Assembling the first five prototypes cost only $106.5, but with not all components installed, to save money assembly was one-sided. USB, button, and display I can solder myself. It's clear that for a larger quantity, the cost of one tracker noticeably decreases. A preliminary calculation showed that for a batch of 100 trackers, the cost of one would be ~$25, including all plastic parts and the strap.

Approximately a week for production and another week for delivery, and here they are in my hands:

                Fig. 12. Assembled boards by JLCPCB.

I solder the missing components and can begin to gradually bring each component to life (at the time of writing the article, I managed to get everything that lies on the I2C bus to work: display, charging controller, magnetometer). Plastic parts arrived in a separate parcel, this time in addition to MJF I ordered SLS, to compare print quality. In SLS, it is indeed slightly higher, but the surface is not smooth, feeling more like fine-grit sandpaper, so I will continue to use MJF.

                Fig. 13. Printed parts by JLCPCB.

I assembled the first prototype to see how all the parts fit together:

                Fig. 14. Tracker assembly, step 1.

                Fig. 15. Tracker assembly, step 2.

                Fig. 16. Tracker assembly, step 3.
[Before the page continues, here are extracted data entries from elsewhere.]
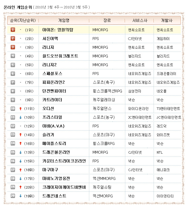 ... 이번 주 온라인게임 순위를 살펴보면 상위권 순위변동은 없는 가운데 야구게임들의 순위 상승이 눈에 띄는 한 주 입니다. 우선프로야구 시즌 개막과 더불어 상승세를 보이고 있는 '슬러거'와 '마구마구'의 경쟁이 다시금 시작된 분위긴데요. '슬러거'는 지난주 14위에서 13위로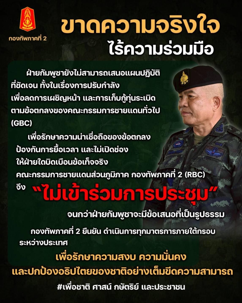 กองทัพภาคที่ 2 เบรกคุยกัมพูชาไม่มีกำหนด เหตุไร้ข้อเสนอแก้ความขัดแย้งจริงจัง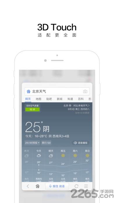 掌上百度历史版本是一款最好用,最直接,最安全的中文手机搜索引擎,强大的内核引擎,畅通的游戏版块以及全新的界面,贴心的插件,帮助网民更好的体验网络生活。如果你也有需要的话,赶紧来2265安卓网下载吧!

Everything fits perfectly, there are only minor corrections for the next revision, such as reducing gaps. A few more photos of the assembled device:

                Fig. 17. Assembled tracker.

                Fig. 18. Tracker size comparison.

What's next? This article was written to talk about the current status of the device, I plan to release the second part soon, when some software parts will be ready. There is a lot of work ahead in software development, when the tracker is brought at least to a basic working state I will open my GitHub repository. The design is not final, I plan to change the color of the printed circuit board to white (green was the cheapest), as well as the brightness and color of the LEDs. But I must warn you, that this project is one of the lowest priorities on my list, so I may have to freeze it for some time.
P.S. Initially, I wrote this blog in Ukrainian, translated it into English with ChatGPT, and made a quick check, but some minor mistakes may be present.